Courts have frequently held that there is no violation of the law when the parties have no reasonable expectation of privacy. An appellate court in California ruled in 1999 that there was no violation of a wiretapping law when two Dateline NBC producers used a hidden camera to record a conversation that took place on a crowded outdoor restaurant patio. “NBC photographed the two men in a public place and taped their conversations which were about business, not personal matters,” the court stated.
Nevertheless, there is disagreement among courts about whether the all-party consent exception applies to the recording of an on-duty police officer. The felony charges against a New Hampshire man were dropped in 2006 after he used a home security camera to record a police detective questioning the man’s son about a robbery. In Pennsylvania, the district attorney in Cumberland County decided in 2007 to drop a felony wiretapping charge against a man who began recording after a police officer pulled over his friend. An Illinois artist wasn’t as lucky — a judge there recently rejected a motion to dismiss an eavesdropping charge against him after he recorded his arrest for selling $1 artwork in Chicago without a license.

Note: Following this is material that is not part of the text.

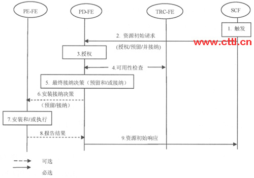PD-FE根據(jù)和PE-FE,TRC-FE的交互結(jié)果確定最終的接納決策,如果不接納,PD-FE應(yīng)向SCF回送資源初始響應(yīng)消息,其中包含拒絕原因。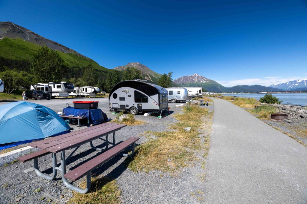 - Camping near Seward, Alaska—Just 10 minutes away from Seward are a handful of affordable campgrounds and RV Parks such as Howling Wolf Resort, Nash Bayfront Campground, and RipTide RV Resort. They are a great alternative when downtown Seward is full, you prefer to escape the crowds, or if you’re looking for more amenities than a shorefront spot.

Legal experts disagree on what impact wiretapping laws could have on journalists going forward, although many note that police could have a much harder time arguing an expectation of privacy when the media is involved.
Robb Harvey, a media lawyer based in Tennessee, said he expects that in the coming years more citizens will be arrested for recording police officers and that journalists won’t be immune. “The sheer fact that so many people have mobile recording devices suggests we will see more charges,” he said.
Ohio media lawyer Richard Goehler predicted that law enforcement will be reluctant to take on news organizations in order to avoid a media circus, but still advised journalists who want to record police to identify themselves as a member of the media, stay on public property whenever possible and to stay out of the way. “You can [face] a real big problem if law enforcement can make the case that your newsgathering activities harm their investigation,” Goehler said.
Harvey said that if journalists are approached by a law enforcement official and asked to leave, they should obey the order but retreat with the camera rolling. Reporters should not turn over newsgathering equipment to police, he said. Instead, the situation should be resolved later by police supervisors and newsroom managers. But the important thing is to use discretion, since every situation is different.
While journalists, state legislatures and courts sort out the meaning of wiretapping statues, the case against Graber is going forward. He is now free on bond after turning himself in a week after the raid on his parents’ house and spent 26 hours in jail. He is scheduled for trial in October in the Harford County Circuit Court.
Though Graber is no longer giving interviews about his case on the advice of his attorneys, in an April interview with Miami journalist Carlos Miller, Graber said the situation had changed his life — he no longer rides his motorcycle and plans to sell it.
“I’m now afraid of the police — afraid of what they can do to me,” Graber said. “I’ve never been arrested in my life before this.”